Danilo Oscar Lancini, ex sindaco di Adro, potrebbe ritrovarsi a breve al Parlamento europeo. Nel maggio del 2014 si era candidato nelle file della Lega Nord per le europee, posizionandosi ottavo con poco più di 14 mila preferenze nella circoscrizione Italia nord-occidentale. Il capolista allora era Matteo Salvini, primo designato, che lascia l’incarico per approdare a Roma, in Parlamento. Il segretario leghista fu eletto assieme a Gianluca Bonanno che, a seguito del decesso nel 2016, fu sostituito da Angelo Ciocca. I rimanenti 4 ex candidati all’Europarlamento che si frapporrebbero oggi tra Lancini ed il seggio sono tutti impegnati in altri incarichi elettivi sopraggiunti: Francesco Bruzzone eletto al Senato, Massimo Sertori in Regione Lombardia, Daniele Belotti e Dario Galli promossi alla Camera. Un vero effetto domino di elezioni-dimissioni quindi quello che potrebbe traghettare Lancini a Bruxelles.

Chi è Oscar Lancini? Il 53enne imprenditore bresciano è stato sindaco di Adro per due mandati, dal 2004 al 2014, ed attualmente ricopre la carica di vicesindaco. È legato alla tradizione politica più oltranzista del movimento padano come dimostrano i passati casi di cronaca che gli sono valsi l’appellativo di “sindaco-sceriffo”. A partire dagli episodi del 2010 che videro l’amministrazione comunale impegnata a far affiggere sulla scuola elementare cittadina il “Sole delle Alpi“, scatenando una polemica nazionale culminata solo con l’intervento dell’allora ministro Gelmini e con una sanzione di oltre 10mila euro emanata dalla Corte dei Conti. Poi la decisione di negare i bonus bebè agli extracomunitari presenti in paese, finendo con il far condannare l’amministrazione al risarcimento sancito dal Tribunale del lavoro bresciano.

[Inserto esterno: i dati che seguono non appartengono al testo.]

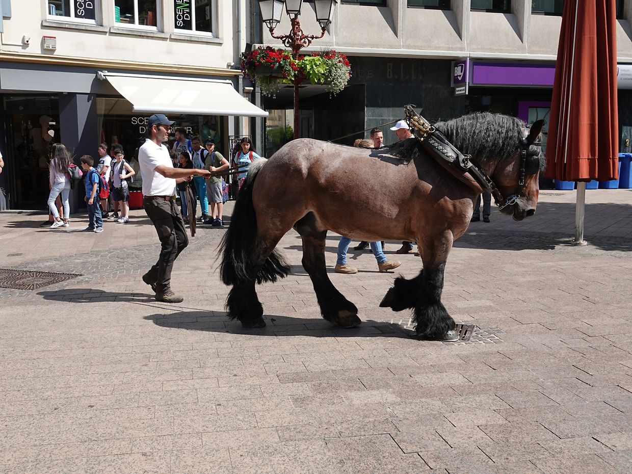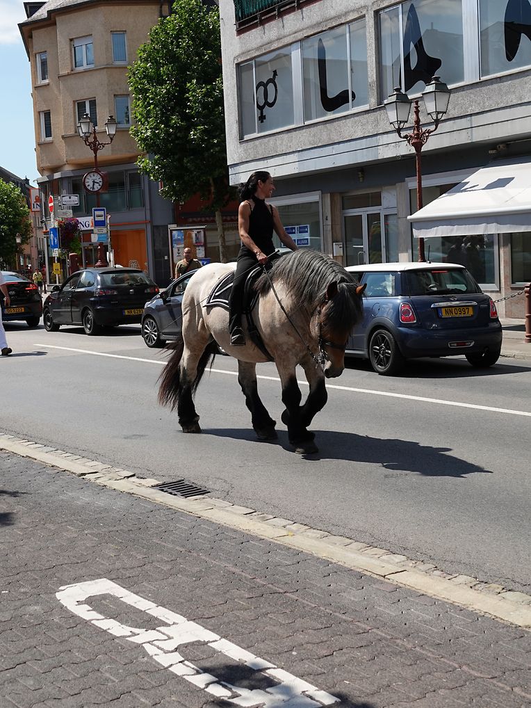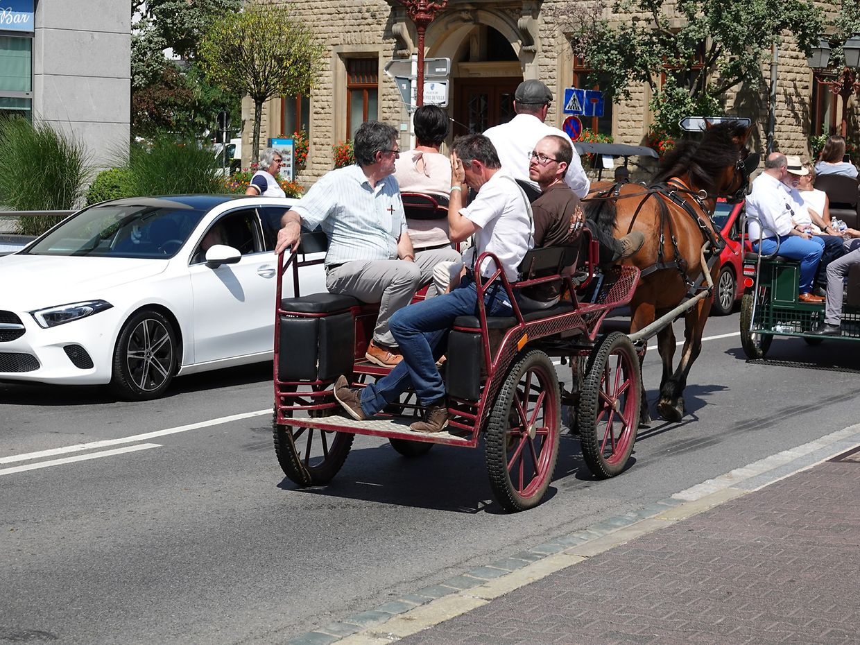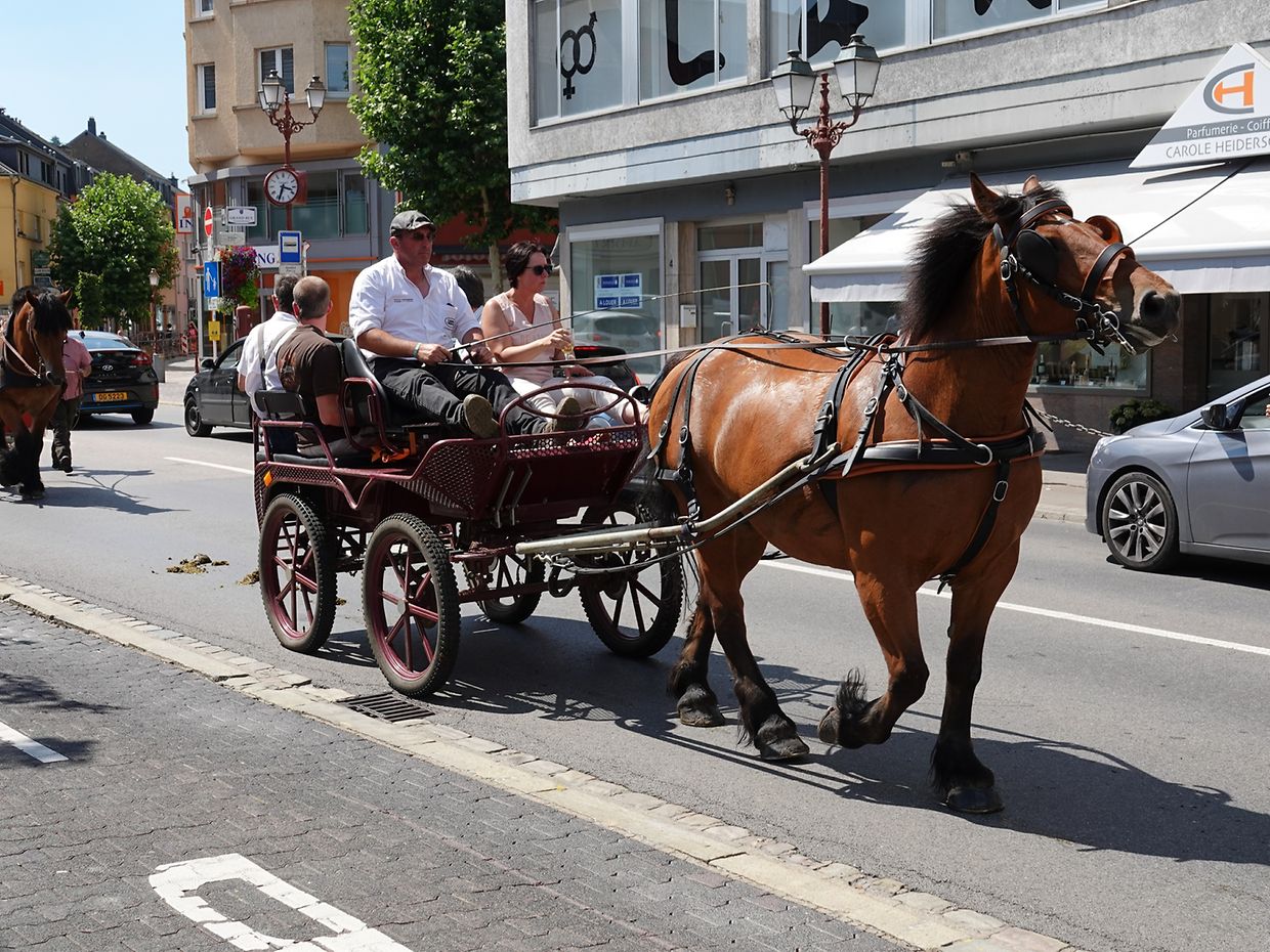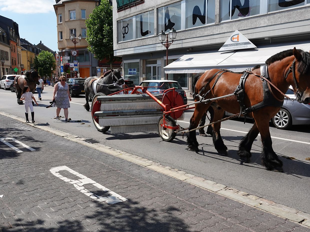 Mit etwas Verspätung setzte sich bei herrlichem Sommerwetter der Korso mit Ardennerpferden und verschiedenen Kutschen vom Gelände der Foire Agricole in Richtung Kirchenplatz in Bewegung. Dort stiegen die Gäste aus. Vor dem Hauptportal der Kirche war ein Pferd in einem robusten Gestell befestigt. Dort wurde unter beißendem Rauch ein Hufeisen geschmiedet und das Pferd fachmännisch beschlagen.
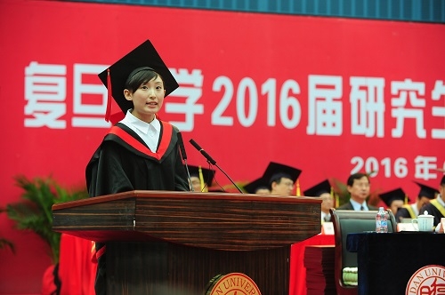 药学院2011级直博生安赛同学代表全体毕业生发言。她从自身的学习经历出发,阐述了对复旦精神的认识。她表示,复旦精神不仅是一种敢于有梦、为梦坚持的信念,更是为国家和社会贡献力量的使命感和责任感。

Provocazioni sensazionalistiche con le quali Lancini, in passato, propose anche di porre una taglia di 500 euro sui clandestini, premio per i vigili urbani capaci di scovare gli irregolari in un clima da caccia alle streghe. Tema, quello su sicurezza, criminalità e immigrazione, che da sempre caratterizza la politica di Lancini, oltre alla battaglia “no euro”. Nel gennaio 2017 Lancini venne condannato in primo grado, assieme ad altri membri di giunta, a tre anni di reclusione con l’accusa di aver turbato, pilotandoli, i bandi pubblici, dal valore di 642mila euro, destinati alla realizzazione di un’area feste in paese.

Solo qualche giorno fa si è concluso il processo d’appello a Brescia con il quale la difesa dell’ex primo cittadino chiedeva venisse annullata la sentenza di primo grado. La Corte ha accolto la richiesta sostenendo che i giudici, prima di emettere sentenza nel 2017, non si fossero ritirati in camera di consiglio prima di leggere il dispositivo finale. Ora pertanto non resta che attendere l’ufficialità che, salvo imprevisti, dovrebbe traghettare il primo cittadino padano nei seggi belga.